Automated Water Supply Model¶
Automated Water Supply Model (AWSM) was developed at the USDA Agricultural Research Service (ARS) in Boise, ID. AWSM was designed to streamline the workflow used by the ARS to forecast the water supply of multiple water basins. AWSM standardizes the steps needed to distribute met. data with SMRF, run an energy and mass balance with iSnobal, and process the results, while maintaining the flexibility of each program.

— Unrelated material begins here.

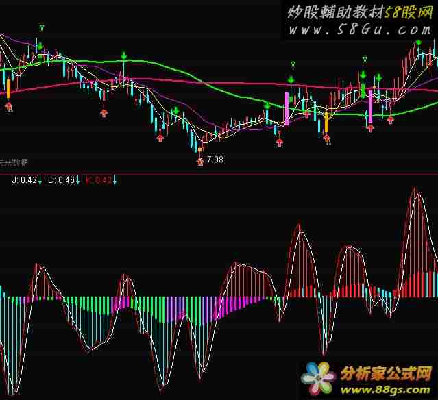 STICKLINE(MACD>0 AND MACD>=REF(MACD,1),0,MACD,1,0),COLOR0000FF; STICKLINE(MACD>0 AND MACD<REF(MACD,1),0,MACD,1,0),COLORFFFF00; STICKLINE(MACD<0 AND MACD>=REF(MACD,1),0,MACD,1,0),COLORFF00FF; STICKLINE(MACD<0 AND MACD<REF(MACD,1),0,MACD,1,0),COLOR00FF00; VAR1:=(2*CLOSE+HIGH+LOW)/4; VAR2:=EXPMA(EXPMA(EXPMA(VAR1,4),4),4); J: (VAR2-REF(VAR2,1))/REF(VAR2,1)*100, COLORSTICK; D: MA(J,3); K: MA(J,1)COLORRED; |

The fastest way to get up and running with AWSM is to use the docker images that are prebuilt and can deployed cross platform.
To build AWSM natively from source checkout the install instructions here.
To mount a data volume, so that you can share data between the local filesystem and the docker, the -v option must be used. For a more in depth dicussion and tutorial, read about docker volumes. The container has a shared data volume at /data where the container can access the local filesystem.
When the image is run, it will go into the Python terminal within the image. Within this terminal, AWSM can be imported. The command /bin/bash can be appended to the end of docker run to enter into the docker terminal for full control. It will start in the /data location with AWSM code in /code/awsm.
docker run -v <path>:/data -it usdaarsnwrc/awsm [/bin/bash]
docker run -v /Users/<path>:/data -it usdaarsnwrc/awsm [/bin/bash]
docker run -v /c/Users/<path>:/data -it usdaarsnwrc/awsm [/bin/bash]
Running the test¶
docker run -it usdaarsnwrc/awsm /bin/bash cd /code/smrf gen_maxus --out_maxus test_data/topo/maxus.nc test_data/topo/dem.ipw cd /code/awsm awsm test_data/RME_run/config_pysnobal.ini
The output netCDF files will be placed in the /code/awsm/test_data/RME_run/output/rme/devel/wy1998/rme_test/runs/run1464_1670/output location.